RG: Yeah, it totally is. We picked a number that we felt like we could be whole on. It doesn’t cover all of it, but the bulk of it—certainly the recording costs. On a personal level, I really make music to share the music, and it’s never been about money for me. To know that we weren’t going to be struggling to pay it off was a huge burden to be off the shoulders to begin with, and, then, it liberated us to do that. It’s been paid for, and I’d rather have people share the music and know the music and help us celebrate it than scrape a few pennies together on it.
RR: The recording of Sun Shot itself—a couple of significant things come to mind: the importance of having Ryan Freeland engineer the album, and the studio, One East in New York City.

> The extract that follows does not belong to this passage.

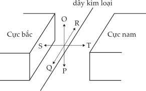 Câu 12 [862627]: Một dây kim loại được đặt giữa các cực của một nam châm. Dây có thể được di chuyển theo một trong ba hướng OP, QR và ST. Dây phải được di chuyển theo hướng nào hoặc các hướng nào để tạo ra suất điện động cảm ứng trên dây?

RG: We’ve worked primarily with a guy named Josh Pryor, and he’s a friend and a childhood friend of Adam Terrell. I expect we’ll do a lot more with Josh. He’s insanely gifted, like insanely gifted. I’ve never seen such an attention to detail. He’s a perfectionist. But, there were a couple of things. One, he is super busy; he does everything from web programming to engineering. Two, I had listened to these records that I love so much and you can hand anyone a reference and say, “I want it to sound like this,” and I’m trying to think of a good parallel, and this is the one that comes to mind: if you look at tennis players, they’re all doing it basically the same way—serving a ball, hitting a groundstroke, hitting a backstroke, and no matter how much you say, “I want to play like so and so,” they have their own style or approach to being a professional in that arena. I think there are a handful of people who still…I think lots of people really respect the production quality of the original recordings, the height of rock ‘n’ roll in the early to mid-70s, but re-creating it is just like, I don’t know, I think it’s just like serendipitous, back to the [tennis] serve, it’s like someone who holds their wrist a fraction of a degree differently and that’s the effect, right? Ryan is a student of it, and he has his own approach, and, so, I don’t know, it’s a quality that I’ve always loved. It struck me; I’m a fan of Ray LaMontagne, and it struck me that all of his records really have that. Not only does his songwriting harken back to those times, but I think of him as a Stephen Stills-like figure of our generation. The music’s got that, and the production quality always did.
So, when I was thinking about this record, and just how the last one was engineered, both musically and technically, it had to be, we had all of these disparate studios and different people. When I die, Some Assembly Required —my hand will be sticking out of the earth with that in it; Josh made that happen. But what we decided was that there was no way we were going to top that, so let’s not even try. Let’s do the opposite, and be very basic in our approach. And that’s Ryan’s deal. He doesn’t cut and paste. He has you play the tune, hit the take, and he tries to capture it as accurately as he can and really capture the room.
You can listen back to those old records, and you have the sense that you’re standing in the room with these people because it has the sense of space and presence. So, he nailed it. He absolutely nailed it. I don’t know. It’s just a cool sound, we’re really proud, and it seems to be resonating with people. It’s also mellower than anything we’ve ever done; there’s a lot more ballads. With a few exceptions—there are guys who just want to be hit over the head with face-melting guitar solos—people seem to be really psyched about it.